Hello Together,
we recently installed Promtail on some of our worker servers and sent all the data to one Loki server instance. This seems to work fine.
When it comes to querying data we often run into situations where we will be quoted with such an error on Grafana:
rpc error: code = ResourceExhausted desc = trying to send message larger than max (486002239 vs. 209715200)
I already increased, even by knowit it’s not good, the server.grpc_server_max_recv_msg_size and server.grpc_server_max_send_msg_size to something very high.
Some queries work well, and then, rerunning them, they do not work again.
I don’t understand what I can do not to have such a high limit defined.
Maybe there is some guide on how to do it, right?

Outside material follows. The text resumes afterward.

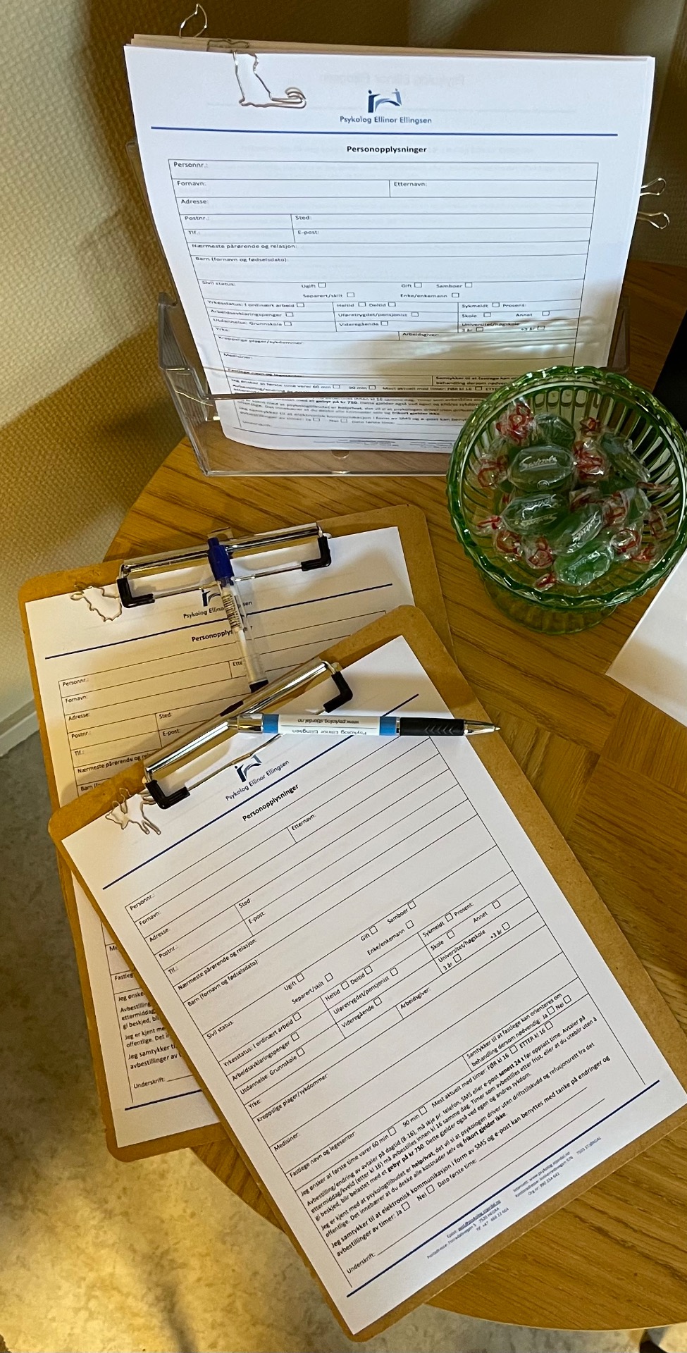 Når vi har avtalt time, vil du få enten få en e-post eller tekstmelding med timeavtalen og litt praktisk informasjon. I første time vil du bli bedt om å fylle ut et skjema med personopplysninger. Det er fint om jeg kan sende deg personopplysningsskjema pr. e-post på forhånd, slik at du kan fylle det ut og ta med til timen. Av konfidensialitetshensyn bør utfylt skjema IKKE sendes i e-post.

Here’s our current loki configuration file:
#jinja2:lstrip_blocks: True
---
{{ ansible_managed | comment }}
auth_enabled: false
server:
http_listen_port: 3100
grpc_server_max_concurrent_streams: 1024
grpc_server_max_recv_msg_size: 409715200 # 200 MB, might be too much, be careful
grpc_server_max_send_msg_size: 409715200 # 200 MB, might be too much, be careful
http_server_write_timeout: 310s
http_server_read_timeout: 310s
ingester_client:
grpc_client_config:
max_recv_msg_size: 409715200 # 200 Mb
max_send_msg_size: 409715200 # 200 Mb
querier:
query_timeout: 300s
engine:
timeout: 300s
max_concurrent: 24
ingester:
chunk_encoding: snappy
lifecycler:
address: 127.0.0.1
ring:
kvstore:
store: inmemory
replication_factor: 1
chunk_idle_period: 2h
chunk_target_size: 1536000
chunk_retain_period: 30s
max_chunk_age: 2h
wal:
dir: "/tmp/wal"
compactor:
working_directory: /var/lib/loki/compactor
shared_store: filesystem
schema_config:
configs:
- from: 2020-10-24
store: boltdb-shipper
object_store: filesystem
schema: v11
index:
prefix: index_
period: 24h
storage_config:
boltdb_shipper:
active_index_directory: /var/lib/loki/index
cache_location: /var/lib/loki/cache
cache_ttl: 24h
shared_store: filesystem
filesystem:
directory: /var/lib/loki/chunks
limits_config:
retention_period: 72h
enforce_metric_name: false
reject_old_samples: true
reject_old_samples_max_age: 168h
max_cache_freshness_per_query: 10m
split_queries_by_interval: 15m
# for big logs tune
per_stream_rate_limit: 512M
per_stream_rate_limit_burst: 1024M
cardinality_limit: 200000
ingestion_burst_size_mb: 1000
ingestion_rate_mb: 10000
max_entries_limit_per_query: 1000000
max_label_value_length: 20480
max_label_name_length: 10240
max_label_names_per_series: 300
max_query_parallelism: 24
frontend_worker:
match_max_concurrent: true
grpc_client_config:
max_send_msg_size: 409715200
chunk_store_config:
max_look_back_period: 0s
table_manager:
retention_deletes_enabled: true
retention_period: 336h
Will more Loki instances help? Would saving the logs to S3 help? My problem is understanding how to do it in a way that our developers can use Loki as a reliable tool to query application metrics.
Thank you all in advance for your replies!